G.Karthikeyan Smaraka Government Vocational and Higher Secondary School aka Government Model V HSS Vellanad is located amid of Vellanad, Thiruvananthapuram. The school started as a Lower Primary school in 1891, and from 1957 onwards, it became an Upper Primary school, and in 1962, it became the High School. In 1989, the VHSE Department started, and in 2000, the Higher Secondary Section was also launched. In 1998, the School won the PSSCIVE(Pandit Sunderlal Sharma Central Institute of Vocational Education) Award. The school also won the State Award 2002-03 for establishing the best IT lab for the IT@School project. It also received Central Government's 2nd Computer Literacy Excellence Award for School-2003. In 2004, Principal K. S Vimalakumari was rewarded for the National Teachers Award''. The school won the title 'MODEL' in the academic year 2012–2013.

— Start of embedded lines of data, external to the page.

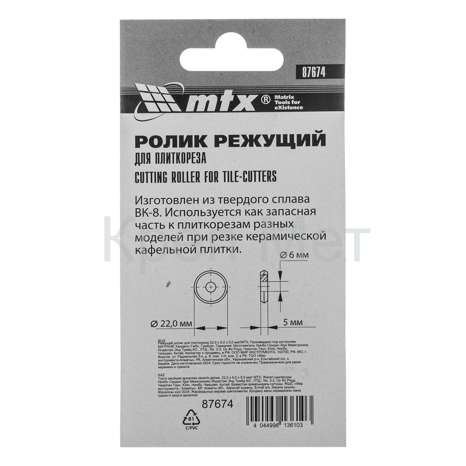 - Ролик режущий для плиткореза 22 х 6 х 5 мм МТХ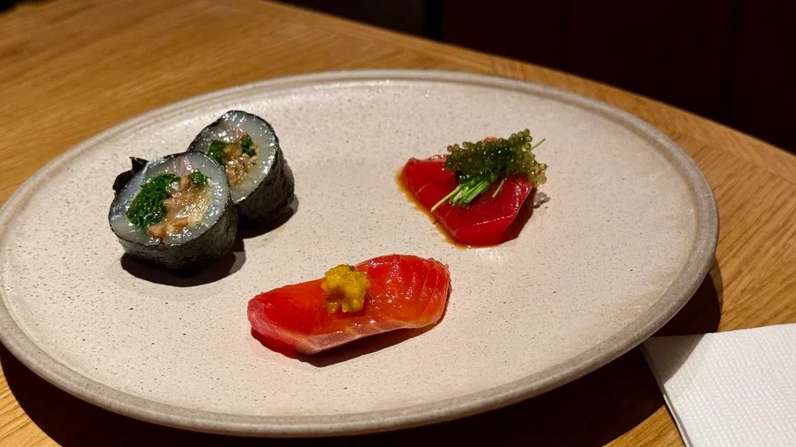 But someone is having a champagne-whisky highball (S$18) – which is apparently cheap and very nice – and so is more forgiving of this fruity deception. Never mind that the combination is waxy, tart and violates every self-respecting maki roll’s code of professional conduct.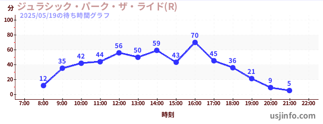 • ジュラシック・パーク・ザ・ライド(R)$B$N(B2025年05月19日の待ち時間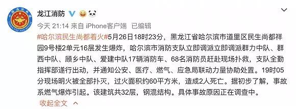 一小区居民楼16层因燃气泄漏发生爆炸继而引发火灾,造成2人死亡。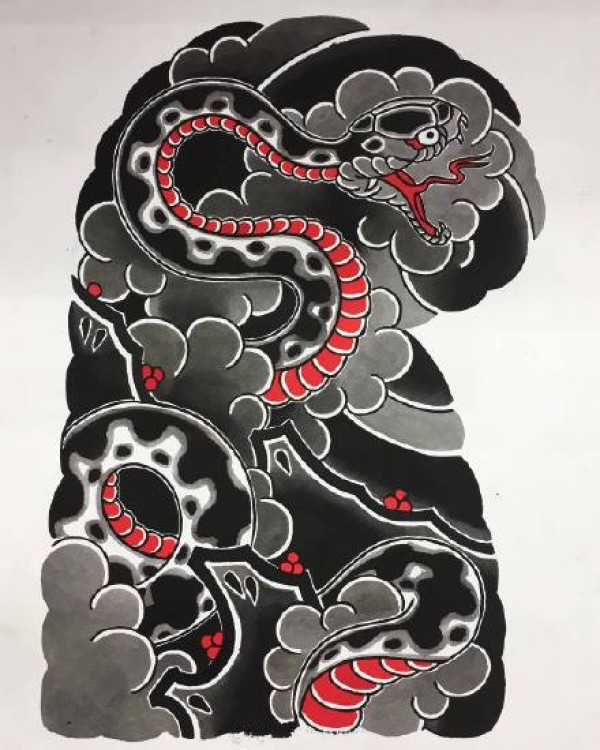 一组满背大气九龙拉棺纹身图案作品和手稿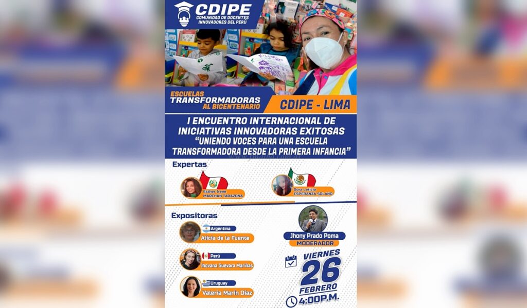 El “I Encuentro Internacional de Iniciativas Innovadoras Exitosas – Uniendo voces para una Escuela Transformadora desde la Primera Infancia” reúne este 2021 a docentes de Perú (país anfitrión), México, Uruguay y Argentina. Por nuestro país, la docente tartagalense será una de las expositoras y compartirá panel con Jhovana Guevara Mariñas (Perú) y Valeria Marín Díaz (Uruguay), bajo la moderación de Jhony Prado Poma.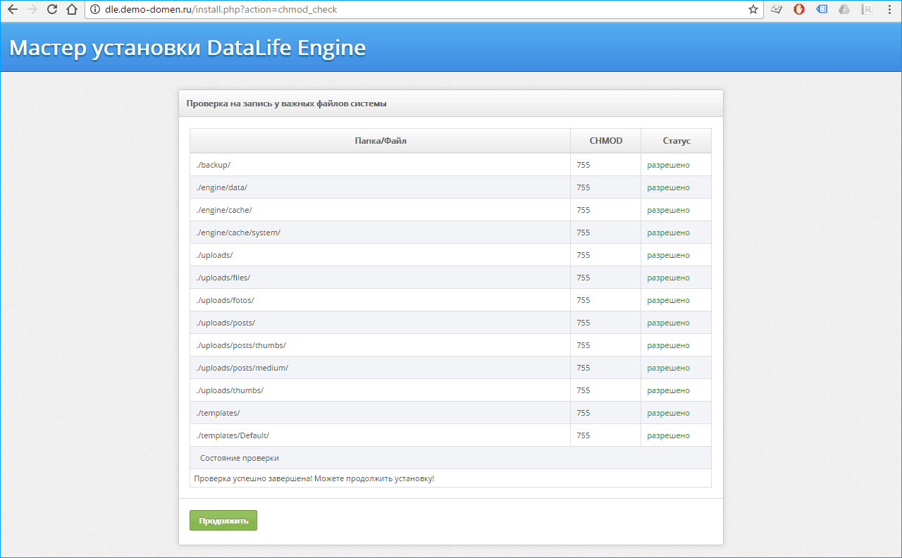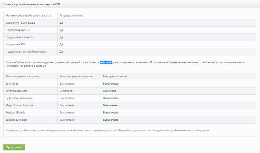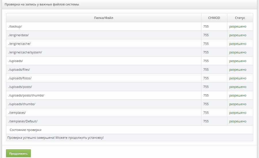 Если все в порядке – нажимаем «Продолжить». Если какое-то из требований не соблюдено – возможно, для корректной настройки сервера для установки DLE Вам потребуется обратиться в техподдержку Вашего хостинг провайдера.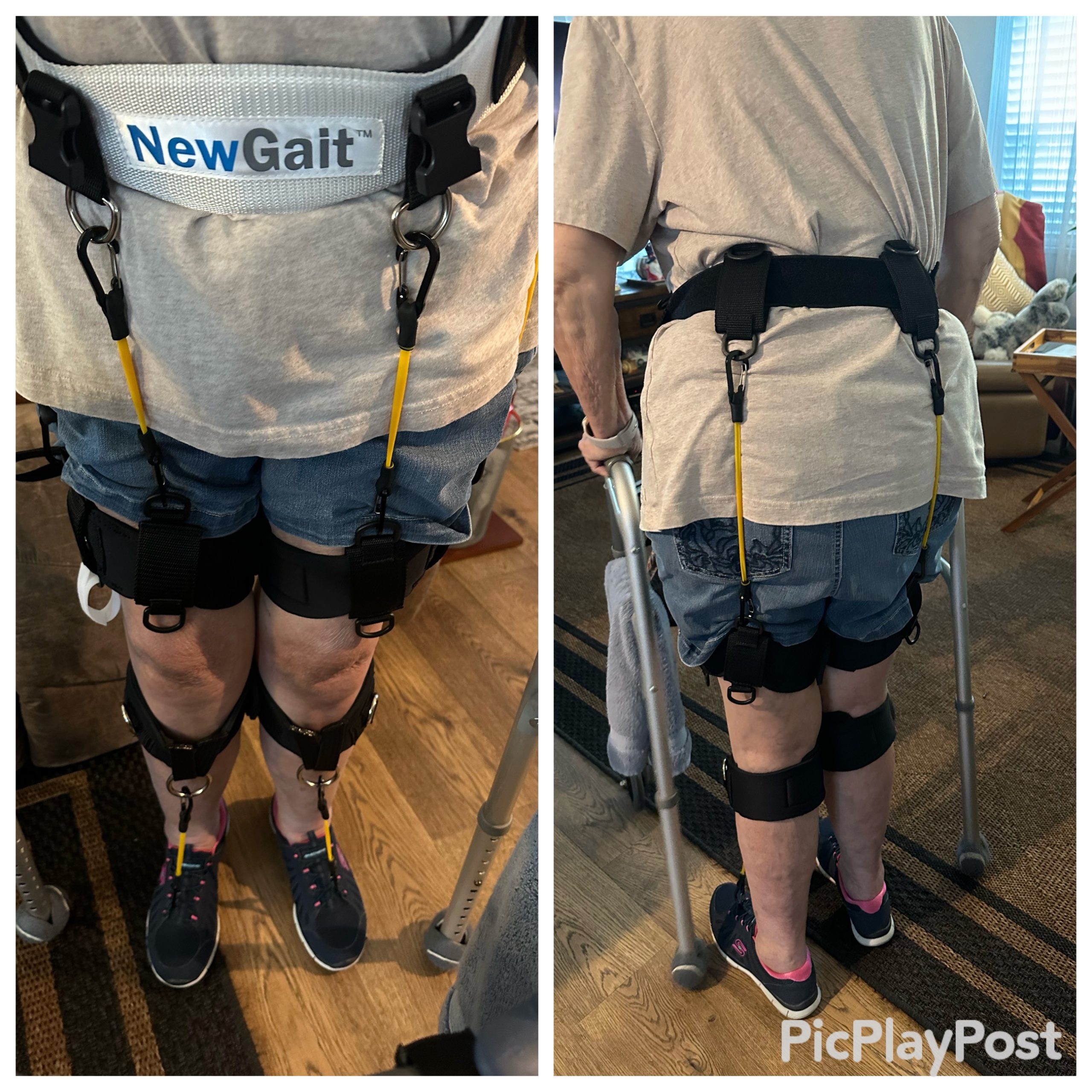 The New Gait is a wearable orthotic device for people with mobility impairments. Strategically placed elastic bands provide mechanical refinements, postural corrections and inhibition or facilitation depending on patients needs.

The school divided into four wings, such as Upper primary, High school, Higher secondary and Vocational higher secondary.
The higher secondary wing offers courses for biology, computer science, commerce, humanities and most exclusively for journalism (under the Humanities group). Medical laboratory technician (MLT) and Livestock management (LSM) are the two courses offered in the vocational higher secondary wing.

Later, the school was renamed as G. Karthikeyan memorial.

Aneesh VN is the current PTA president.